Haz veren bir madde ya da davranışta optimal sınırları aştığımızda dahi kullanım ya da davranışın getirisi olan o hazdan vazgeçmek istemeyiz. Bazen de kullanım ya da davranışımız kontrol edebileceğimiz eşiği aşarak bağımlılığa dönüşür. Böyle durumlarda insanın kendi zihni en büyük düşmanı haline gelir ve kişiyi o bağımlılığın içinde tutabilmek adına oyunlar oynar. İşte bu oyunlardan bazıları:
Kendi kendine tedavi
Birçok bağımlı bağımlı olduğu madde ya da davranışı yaşamın zorlukları karşısında aldığı darbeleri iyileştirebilme ya da acıyı azaltma ihtiyacıyla kullandığına inanır. Bu durum kulağa mantıklı gelse de; aslında bir tür acıları meze yapma halidir. Kişi bağımlılığı kronikleştikçe bağımlılığını sürdürebilmek için kendisine yeni sorunlar ve acılar yaratacaktır. Kişinin, özünde ihtiyacı olan uyuşmak değil; iyileşmenin sorumluluğunu alarak yaşamla başa çıkabilmek için sağlıklı yöntemler geliştirmektir.
Toksik Utanç
Sağlıklı utanç duygusundan farklı olarak toksik utanç; kendimizi diğer insanlardan daha aşağıda ya da farklı olarak algılayışımızdan beslenir. Toksik utançta, hata yaptığını kabul etmek yerine kendini koca bir hata olarak görme inancı vardır.
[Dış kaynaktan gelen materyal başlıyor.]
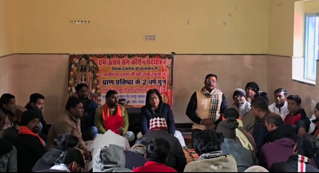 #MNN24X7 दरभंगा, प्रभु श्रीराम लला जी की प्राण प्रतिष्ठा की तृतीय वर्षगांठ के अवसर पर आगामी 22 जनवरी 2026 (गुरुवार) को दरभंगा में भव्य राम उत्सव संकीर्तन पदयात्रा एवं शोभा यात्रा का आयोजन किया जाएगा। इसे लेकर रविवार 21 दिसंबर 2025 को राम जानकी हनुमान मंदिर परिसर में राम उत्सव संकीर्तन पदयात्रा समिति की एक महत्वपूर्ण बैठक आयोजित की गई।
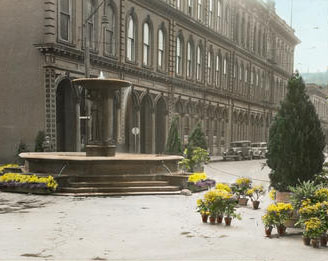Some Portlanders in the 1920s and 1930s proposed to disassemble and move the fountain to the Park Blocks, an idea that the Oregonian ridiculed. In answer to a claim by the New York Tribune that the fountain was too fine for a western city, the Oregonian retorted in 1934 that “If we have not the essential good taste to leave the fountain where the pioneers placed it, the New York newspaper’s envious opinion, uttered so long ago, would seem to be sustained.” The location regained prominence in the later twentieth century when the Portland Saturday Market overflowed onto the Skidmore Fountain Plaza and adjacent Ankeny Park.
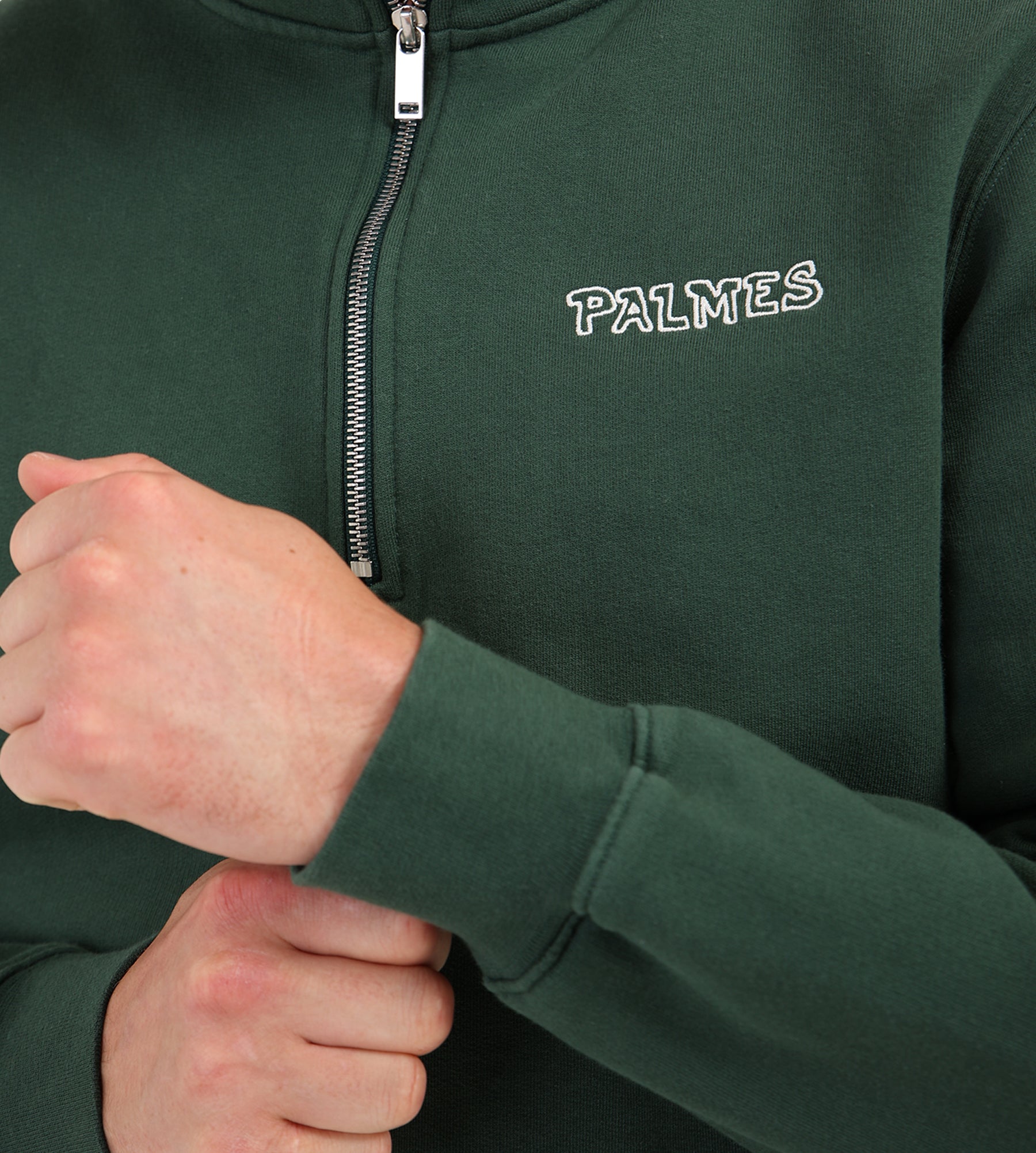 The Palmes Remember Zip Sweatshirt in Dark Green is crafted from 100% cotton, offering a breathable and durable layer with a pre-washed finish for a vintage-soft hand feel. Its half-zip design and high neckline anchor the piece with functional versatility, while a YKK zipper ensures smooth operation and longevity.
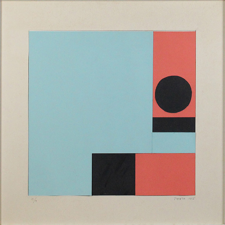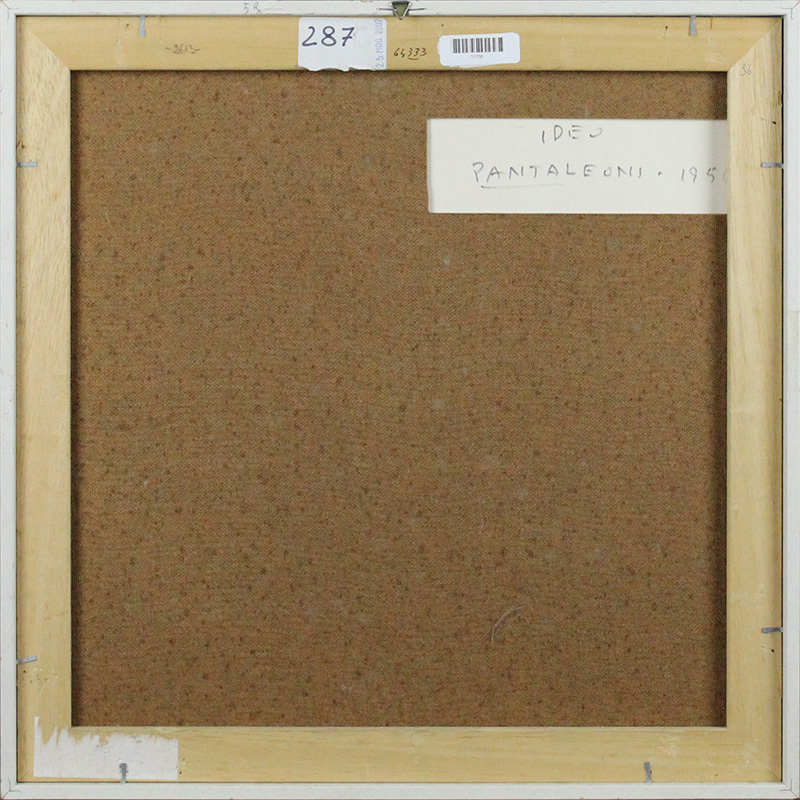 Ideo Pantaloni, Senza titolo, 1955, Collage su cartoncino, Dim. 35x35 su cartone di cm. 48x48, Esemplare unico, Sul verso: data e firma, sul fronte numero 1/1 in basso a sinistra, datato e firmato in basso a destra
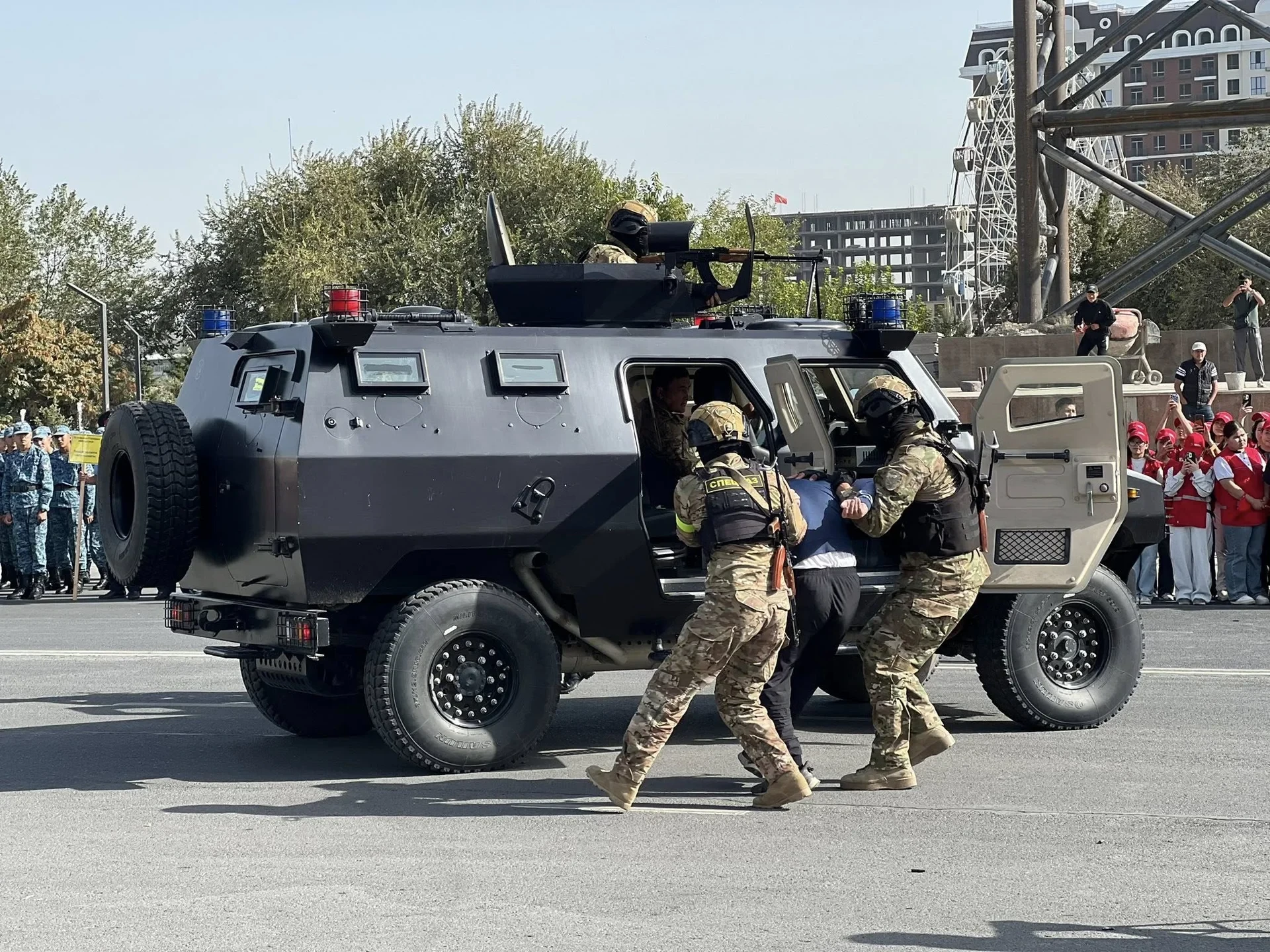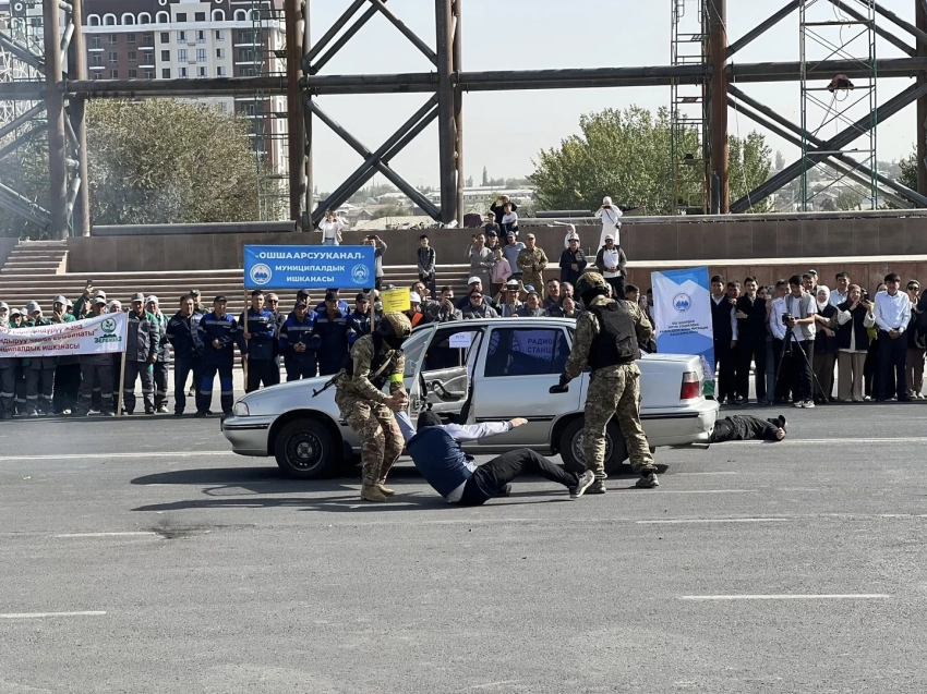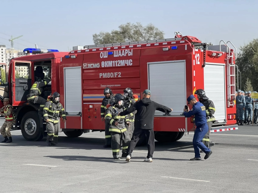 На главной площади Оша состоялись учения, приуроченные ко Дню снижения риска бедствий в Кыргызстане, который ежегодно отмечается 5 октября. Организатором мероприятия выступило городское управление Министерства чрезвычайных ситуаций КР, согласно информации от мэрии города.
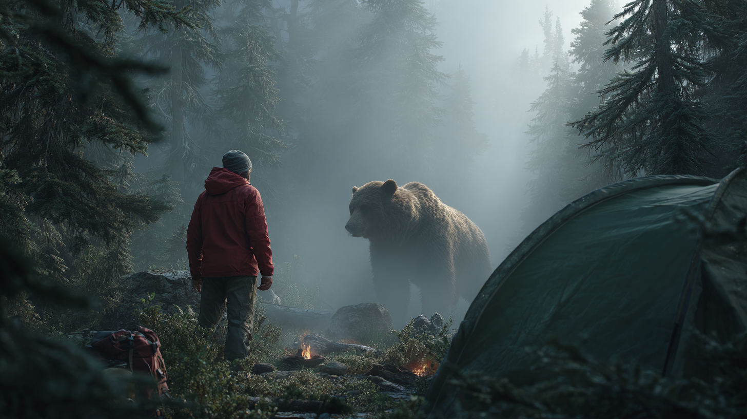 Ryan stood perfectly still. Every instinct screamed at him to run, but he knew that would be a mistake. The bear’s eyes glinted, dark and intelligent. It shifted its weight, sniffing the air between them. Ryan whispered, “Easy now.” His hand hovered near his backpack. The bear spray was inside, but he couldn’t reach it without drawing attention. The animal took one step closer, massive paws pressing silently into the wet soil. Ryan could see its breath drifting through the cold morning air. He tried not to blink. His body tensed, muscles locked, waiting for a reason to bolt. Then the bear tilted its head, almost curious, as if studying him.
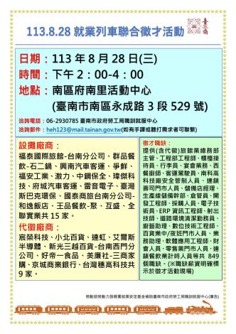 為打造黃偉哲市長「希望家園」的施政願景,勞工局積極辦理各項就業徵才活動,並因應產業求才需求,勞工局職訓就服中心113年8月28日(週三)下午2時至4時在南區府南里活動中心(臺南市南區永成路3段529號)辦理『113.8.28就業列車聯合徵才活動』,邀請24家廠商提供849個職缺,歡迎求職民眾踴躍前往參加,洽詢電話:06-2930785。
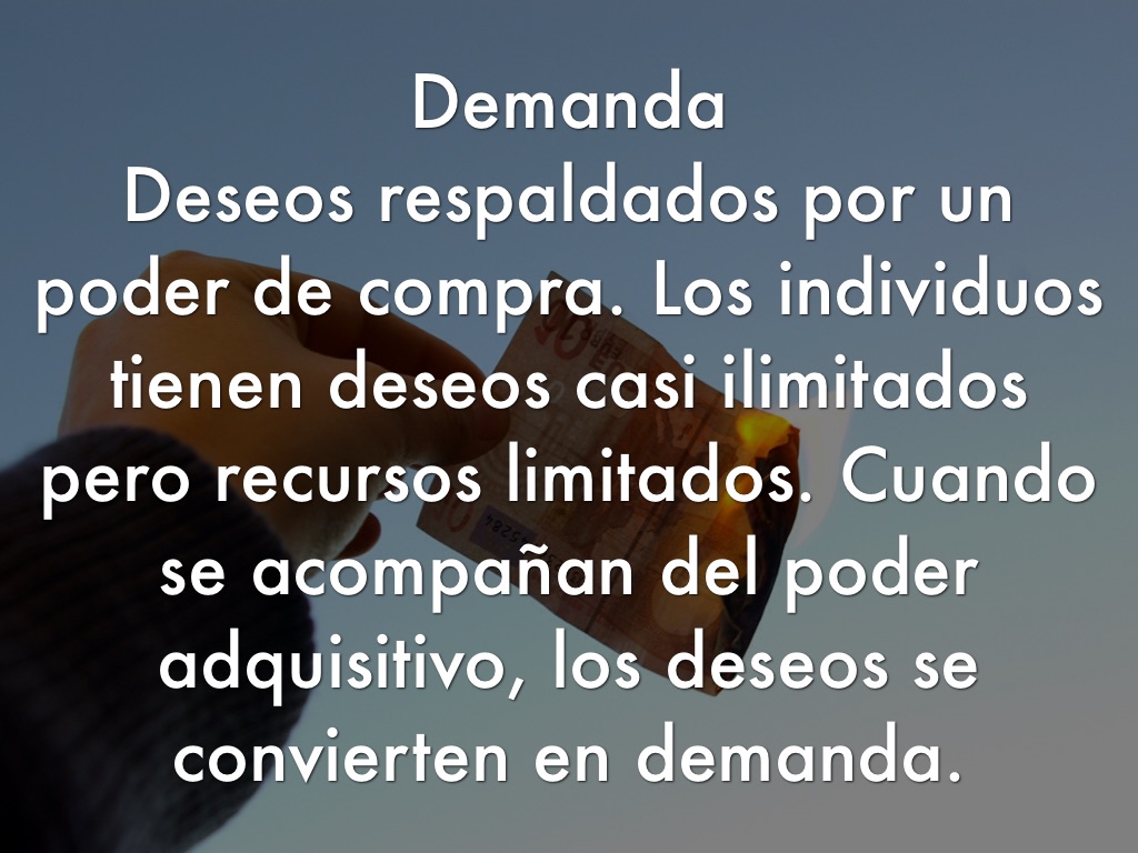 Demanda Deseos respaldados por un poder de compra. Los individuos tienen deseos casi ilimitados pero recursos limitados. Cuando se acompañan del poder adquisitivo, los deseos se convierten en demanda.

Bu da içimizde bir direnç yaratarak dışarıdan gelen eleştirileri kişiselleştirme ya da eleştirilen davranış üzerine ısrarcı olma ile sonuçlanabilir.
Küçümseme/aza indirgeme
Bağımlı kişiler sıklıkla yaşadıkları asıl sorunu yani bağımlılıklarını küçümseme eğilimi içindedir. “Büyük bir sorun yok, yalnızca bir parça kontrolden çıkmış bir alışkanlık!” ya da “Sanki sokaklarda yatan tinerciler gibi bağımlıymışım muamelesini kaldıramıyorum” gibi cümlelerle durumlarını küçümseme eğilimine sıklıkla rastlanır.
Normalize etme
Bağımlı kişilerin yaşadığı utanç duygusu ve bu duyguyla başa çıkamamak içinde bulundukları durumu normalize etmelerine sebebiyet verebilir. “Herkes esrar içiyor ne var ki” ya da “Eğlenebilmek için alkol almak şart, ben her gece dışarıdayım neticede” gibi cümleler normalize etme gayretinin ürünüdür.
Suçlama
Bağımlı kişiler çoğunlukla hata yaptıklarını kabul etse de çevrelerindeki “diğer insanların” bu durumun asıl mimarı olduğu konusunda emin hissederler. Başkalarını suçlamak sorunlara dair sorumluluk almaktan kaçınmaya sebep olarak çözüm arayışının önüne geçer. Aynı zamanda bağımlılıklarını sürdürebilmeleri için ihtiyaç duydukları o haklılık duygusunu verir.
Siyah-beyaz düşünme
Yaşam içinde birçok şeyi dengelemekte ya da olaylara ılımlı tepkiler vermekte zorlanırız. Olmasını istediklerimiz ve olanlar arasındaki uçurum bizi ya hep ya hiç tarzı düşünmeye itebilir. Bağımlı kişilerde bu iki uçlu düşünme hali yaşamın her alanına yayılmış durumdadır; siyah-beyazların arasında grilere yer yoktur.